- [Task instructions]: Please set down exactly the lines of the listing below from the line containing "Z hlediska Nory" through the line containing "Stylish thermal tumbler", both lines included, leaving out all other lines.

- [Supplied information]:
- Opening Delimiter -

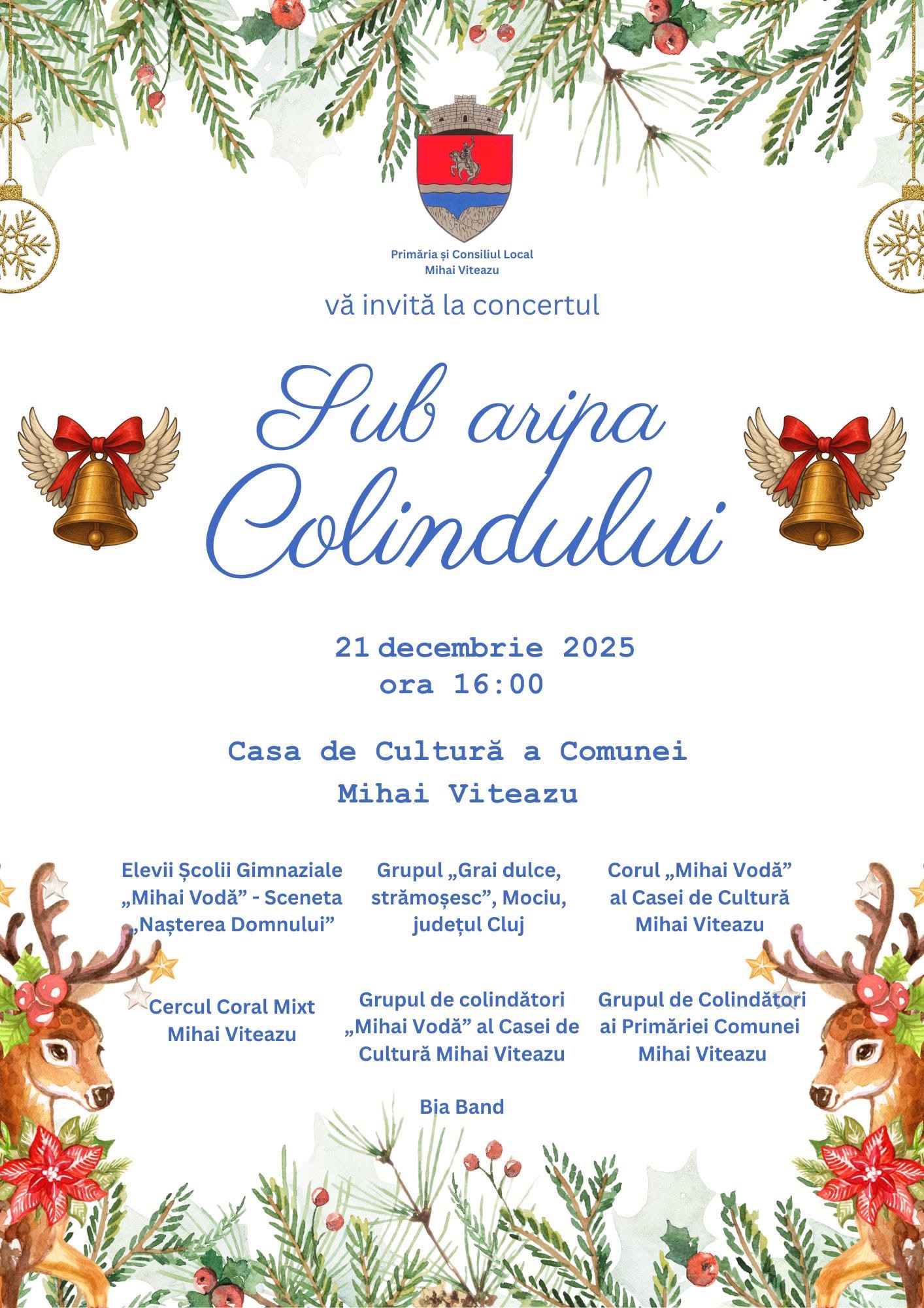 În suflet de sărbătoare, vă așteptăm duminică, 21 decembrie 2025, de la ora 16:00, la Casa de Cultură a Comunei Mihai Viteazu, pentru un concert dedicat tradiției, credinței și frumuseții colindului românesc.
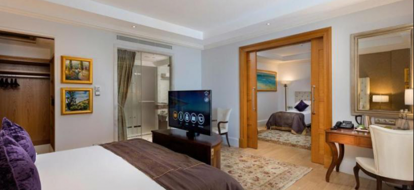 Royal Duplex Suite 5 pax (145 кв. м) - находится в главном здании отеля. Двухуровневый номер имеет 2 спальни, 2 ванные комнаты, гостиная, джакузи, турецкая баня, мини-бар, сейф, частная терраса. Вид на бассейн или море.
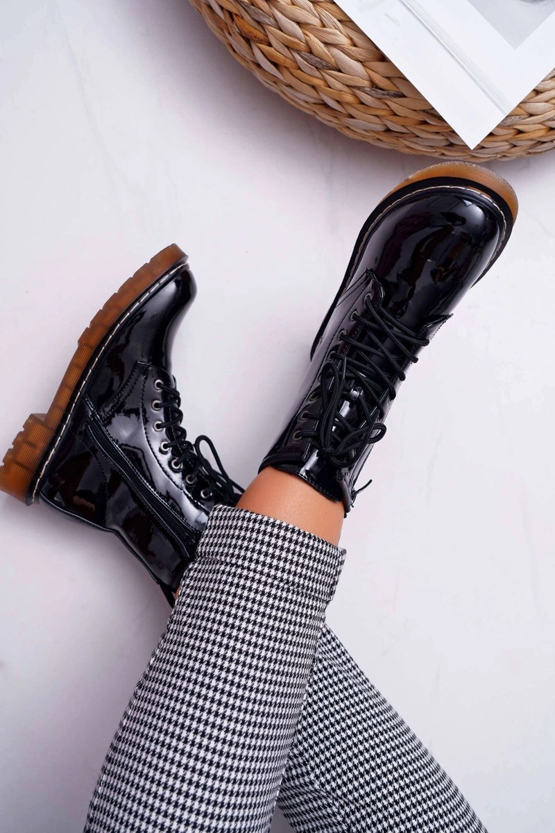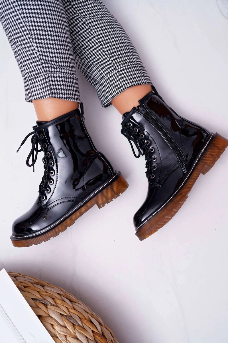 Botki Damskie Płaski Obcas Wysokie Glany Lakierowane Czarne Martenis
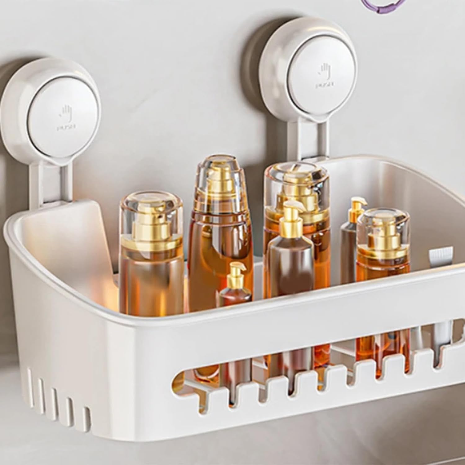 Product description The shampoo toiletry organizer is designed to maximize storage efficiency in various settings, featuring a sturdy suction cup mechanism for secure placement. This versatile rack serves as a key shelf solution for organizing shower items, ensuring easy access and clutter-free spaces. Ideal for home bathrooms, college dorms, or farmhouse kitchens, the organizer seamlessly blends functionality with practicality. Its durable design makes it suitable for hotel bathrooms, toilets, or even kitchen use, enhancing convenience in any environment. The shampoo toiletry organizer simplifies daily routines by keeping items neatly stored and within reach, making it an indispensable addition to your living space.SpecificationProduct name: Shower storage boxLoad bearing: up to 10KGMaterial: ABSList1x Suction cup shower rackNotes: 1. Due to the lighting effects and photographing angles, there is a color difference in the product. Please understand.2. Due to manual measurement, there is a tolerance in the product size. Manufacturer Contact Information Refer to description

- Closing Delimiter -
- Opening Delimiter -

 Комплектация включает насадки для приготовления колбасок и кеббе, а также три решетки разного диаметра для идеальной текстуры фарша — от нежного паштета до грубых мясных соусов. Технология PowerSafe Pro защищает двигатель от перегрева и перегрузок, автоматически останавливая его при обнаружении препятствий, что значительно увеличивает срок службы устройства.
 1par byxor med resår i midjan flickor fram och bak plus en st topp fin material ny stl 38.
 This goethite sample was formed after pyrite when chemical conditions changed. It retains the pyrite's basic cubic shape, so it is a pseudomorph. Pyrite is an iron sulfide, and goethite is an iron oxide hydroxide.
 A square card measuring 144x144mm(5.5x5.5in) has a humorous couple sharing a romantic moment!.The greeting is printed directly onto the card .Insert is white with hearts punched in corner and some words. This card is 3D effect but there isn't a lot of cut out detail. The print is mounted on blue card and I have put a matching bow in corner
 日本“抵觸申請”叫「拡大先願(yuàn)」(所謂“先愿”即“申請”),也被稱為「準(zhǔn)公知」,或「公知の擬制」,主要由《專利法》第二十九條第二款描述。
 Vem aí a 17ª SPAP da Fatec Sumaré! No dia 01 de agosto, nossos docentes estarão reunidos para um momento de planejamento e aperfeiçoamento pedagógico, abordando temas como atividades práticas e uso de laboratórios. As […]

- Closing Delimiter -
- Opening Delimiter -

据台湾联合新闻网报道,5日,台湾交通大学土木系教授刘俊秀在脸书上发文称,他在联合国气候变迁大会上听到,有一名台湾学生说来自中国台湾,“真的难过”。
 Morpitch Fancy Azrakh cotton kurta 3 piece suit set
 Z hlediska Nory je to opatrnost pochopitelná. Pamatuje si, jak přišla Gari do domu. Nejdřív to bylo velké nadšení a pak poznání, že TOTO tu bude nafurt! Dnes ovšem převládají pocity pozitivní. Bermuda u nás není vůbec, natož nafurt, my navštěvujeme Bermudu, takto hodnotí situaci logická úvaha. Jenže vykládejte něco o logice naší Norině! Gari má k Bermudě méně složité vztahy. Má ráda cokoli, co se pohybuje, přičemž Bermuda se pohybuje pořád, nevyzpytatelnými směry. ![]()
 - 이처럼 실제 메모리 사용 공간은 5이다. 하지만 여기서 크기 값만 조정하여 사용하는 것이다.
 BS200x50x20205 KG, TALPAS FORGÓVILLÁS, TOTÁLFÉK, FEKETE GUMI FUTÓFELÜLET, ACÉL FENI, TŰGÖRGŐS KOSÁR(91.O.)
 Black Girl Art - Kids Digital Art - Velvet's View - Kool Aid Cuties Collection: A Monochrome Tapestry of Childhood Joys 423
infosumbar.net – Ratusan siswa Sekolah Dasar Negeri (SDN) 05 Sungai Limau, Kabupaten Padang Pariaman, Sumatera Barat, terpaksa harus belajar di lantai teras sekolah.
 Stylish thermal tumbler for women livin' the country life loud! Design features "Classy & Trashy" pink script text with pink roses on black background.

- Closing Delimiter -

- [Exercise response]:
 Z hlediska Nory je to opatrnost pochopitelná. Pamatuje si, jak přišla Gari do domu. Nejdřív to bylo velké nadšení a pak poznání, že TOTO tu bude nafurt! Dnes ovšem převládají pocity pozitivní. Bermuda u nás není vůbec, natož nafurt, my navštěvujeme Bermudu, takto hodnotí situaci logická úvaha. Jenže vykládejte něco o logice naší Norině! Gari má k Bermudě méně složité vztahy. Má ráda cokoli, co se pohybuje, přičemž Bermuda se pohybuje pořád, nevyzpytatelnými směry. ![]()
 - 이처럼 실제 메모리 사용 공간은 5이다. 하지만 여기서 크기 값만 조정하여 사용하는 것이다.
 BS200x50x20205 KG, TALPAS FORGÓVILLÁS, TOTÁLFÉK, FEKETE GUMI FUTÓFELÜLET, ACÉL FENI, TŰGÖRGŐS KOSÁR(91.O.)
 Black Girl Art - Kids Digital Art - Velvet's View - Kool Aid Cuties Collection: A Monochrome Tapestry of Childhood Joys 423
infosumbar.net – Ratusan siswa Sekolah Dasar Negeri (SDN) 05 Sungai Limau, Kabupaten Padang Pariaman, Sumatera Barat, terpaksa harus belajar di lantai teras sekolah.
 Stylish thermal tumbler for women livin' the country life loud! Design features "Classy & Trashy" pink script text with pink roses on black background.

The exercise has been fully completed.